How do we prove by vector method that "if the diagonals of a trapezium have equal length then the non-parallel sides of the trapezium have equal length." ?
(taking $ABCD$ to be the trapezium with $AD$ || $BC$ and $O$ the intersection point of diagonals , if it can be shown by vector method that $OB=OC$ , then $AB=CD$ follows ; I can show $OB=OC$ but not by vector method and thus the problem , though any other line of approach is acceptable.)
Let as in the question , $ABCD$ be the trapizium with $AD||BC$ ; w.r.t. some chosen origin let $\vec {AD}=\vec{x}$ and $\vec {DC}=\vec{y}$ , then $\vec{CB}=-t\vec x$ for some $t>0$ . Now
$\vec {AB}=\vec{AD}+\vec{DC}+\vec{CB}=\vec x+\vec y-t\vec x$ , $\vec{AC}=\vec{AD}+\vec{DC}=\vec x+\vec y$ and
$\vec{DB}=\vec{DC}+\vec{CB}=\vec y-t\vec x $. Now given $|\vec{AC}|=|\vec{DB}|$ , so
$0=|\vec{AC}|^2-|\vec{DB}|^2=(\vec{AC}-\vec{DB}).(\vec{AC}+\vec{DB})=(\vec x+t\vec x).(\vec x+2\vec y -t\vec x)$
$=\Big((1+t)\vec x \Big).(\vec x+2\vec y -t\vec x)=(1+t)\Big(\vec x.(\vec x+2\vec y -t\vec x)\Big)$ [using $m(\vec a.\vec b)=(m\vec a).\vec b$]

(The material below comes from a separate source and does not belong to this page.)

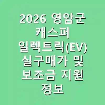 2026 영암군 캐스퍼 일렉트릭(EV)은 혁신적인 디자인과 뛰어난 성능으로 주목받고 있습니다. 보조금 지원을 통해 구매 부담을 줄이고, 경제적인 이점을 누릴 수 있는 기회입니다. 이 정보를 통해 보다 스마트한 차량 구매 결정을 내릴 수 있기를 바랍니다.
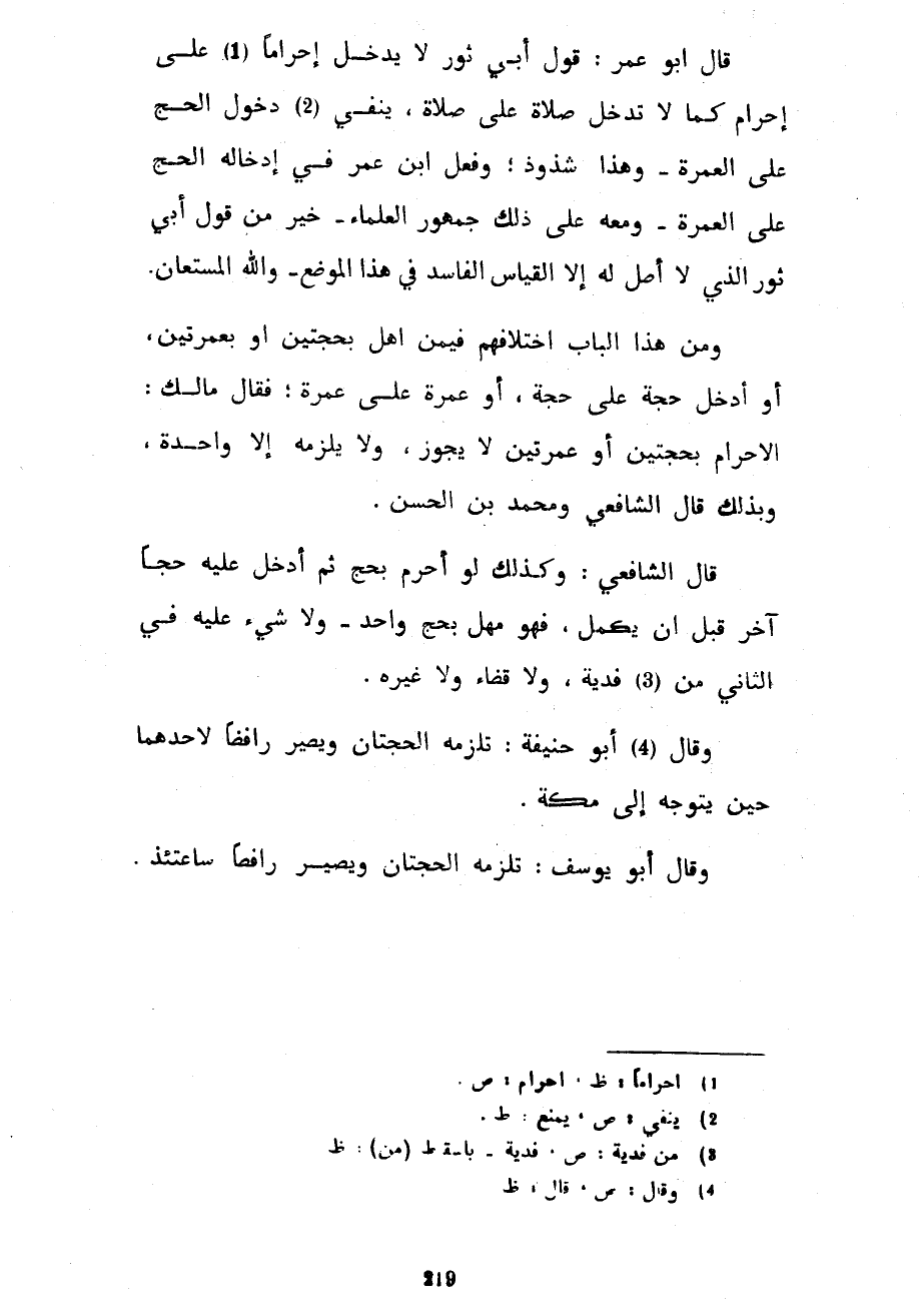 قَالَ أَبُو عُمَرَ قَوْلُ أَبِي ثَوْرٍ لَا يُدْخِلُ إِحْرَامًا عَلَى إِحْرَامٍ كَمَا لَا تَدْخُلُ صَلَاةٌ عَلَى صَلَاةٍ يَنْفِي دُخُولَ الْحَجِّ عَلَى الْعُمْرَةِ وَهَذَا شُذُوذٌ وَفِعْلُ ابْنِ عُمَرَ فِي إِدْخَالِهِ الْحَجَّ عَلَى الْعُمْرَةِ وَمَعَهُ عَلَى ذَلِكَ جُمْهُورُ الْعُلَمَاءِ خَيْرٌ مِنْ قَوْلِ أَبِي ثَوْرٍ الَّذِي لَا أَصْلَ لَهُ إِلَّا الْقِيَاسُ الْفَاسِدُ فِي هَذَا الْمَوْضِعِ وَاللَّهُ الْمُسْتَعَانُ وَمِنْ هَذَا الْبَابِ اخْتِلَافُهُمْ فِيمَنْ أَهَلَّ بِحَجَّتَيْنِ أَوْ بِعُمْرَتَيْنِ أَوْ أَدْخَلَ حَجَّةً عَلَى حَجَّةٍ أَوْ عُمْرَةً عَلَى عُمْرَةٍ فَقَالَ مَالِكٌ الْإِحْرَامُ بِحَجَّتَيْنِ أَوْ عُمْرَتَيْنِ لَا يَجُوزُ وَلَا يَلْزَمُهُ إِلَّا وَاحِدَةٌ وَبِذَلِكَ قَالَ الشَّافِعِيُّ وَمُحَمَّدُ بْنُ الْحَسَنِ قَالَ الشَّافِعِيُّ وَكَذَلِكَ لَوْ أَحْرَمَ بِحَجٍّ ثُمَّ أَدْخَلَ عَلَيْهِ حَجًّا آخَرَ قَبْلَ أَنْ يُكْمِلَ فَهُوَ مُهِلٌّ بِحَجٍّ وَاحِدٍ وَلَا شَيْءَ عَلَيْهِ فِي الثَّانِي مِنْ فِدْيَةٍ وَلَا قَضَاءٍ وَلَا غَيْرِهِ وَقَالَ أَبُو حَنِيفَةَ تَلْزَمُهُ الْحَجَّتَانِ وَيَصِيرُ رَافِضًا لِأَحَدِهِمَا حِينَ يَتَوَجَّهُ إِلَى مَكَّةَ وَقَالَ أَبُو يُوسُفَ تَلْزَمُهُ الْحَجَّتَانِ وَيَصِيرُ رَافِضًا سَاعَتَئِذٍ

hence either $1+t=0$ , or $\vec x.(\vec x+2\vec y -t\vec x)=0$ , now in the former case $t=-1<0$ ,
contradiction! hence $\vec x.(\vec x+2\vec y -t\vec x)=0$ ....(i) . Hence
$|\vec{AB}|^2-|\vec{DC}|^2=(\vec {AB}-\vec{DC}).(\vec{AB}+\vec{DC})=(\vec x-t\vec x).(\vec x+2\vec y -t\vec x)$
$=\Big((1-t)\vec x \Big).(\vec x+2\vec y -t\vec x)=(1-t)\Big(\vec x.(\vec x+2\vec y -t\vec x)\Big)=0$$\space$ [using (i)] , and this was
to be proved.
Beginning from the left-up vertex, name the trapezium vertices $\;A,B,C,D\;$, with the shortest basis up $\;AB\;$, the largets one down $\;CD\;$ , and define
$$\begin{cases}\vec{AB}=u\\\vec{BC}=v\\CD=-tu\;,\;\;t>1\end{cases}\implies\begin{cases}\vec{AC}=u+v\\\vec{BD}=-tu+v\\\vec{AD}=u+v-tu=(1-t)u+v\end{cases}$$
Now use the usual dot product $\;\langle\,,\,\rangle\;$ , and (do the complete claculations):
$$||AC||^2=||BD||^2\iff \langle u+v\,,\,u+v\rangle\iff(t^2-1)||u||^2-2(t+1)\langle u,v\rangle=0\stackrel{\text{(why?)}}\iff$$
$$\iff t-1=\frac{2\langle u,v\rangle}{||u||^2}$$
and now, upon substituting corresponding stuff:
$$||AD||^2=||v||^2=||BC||^2\;\;\ldots$$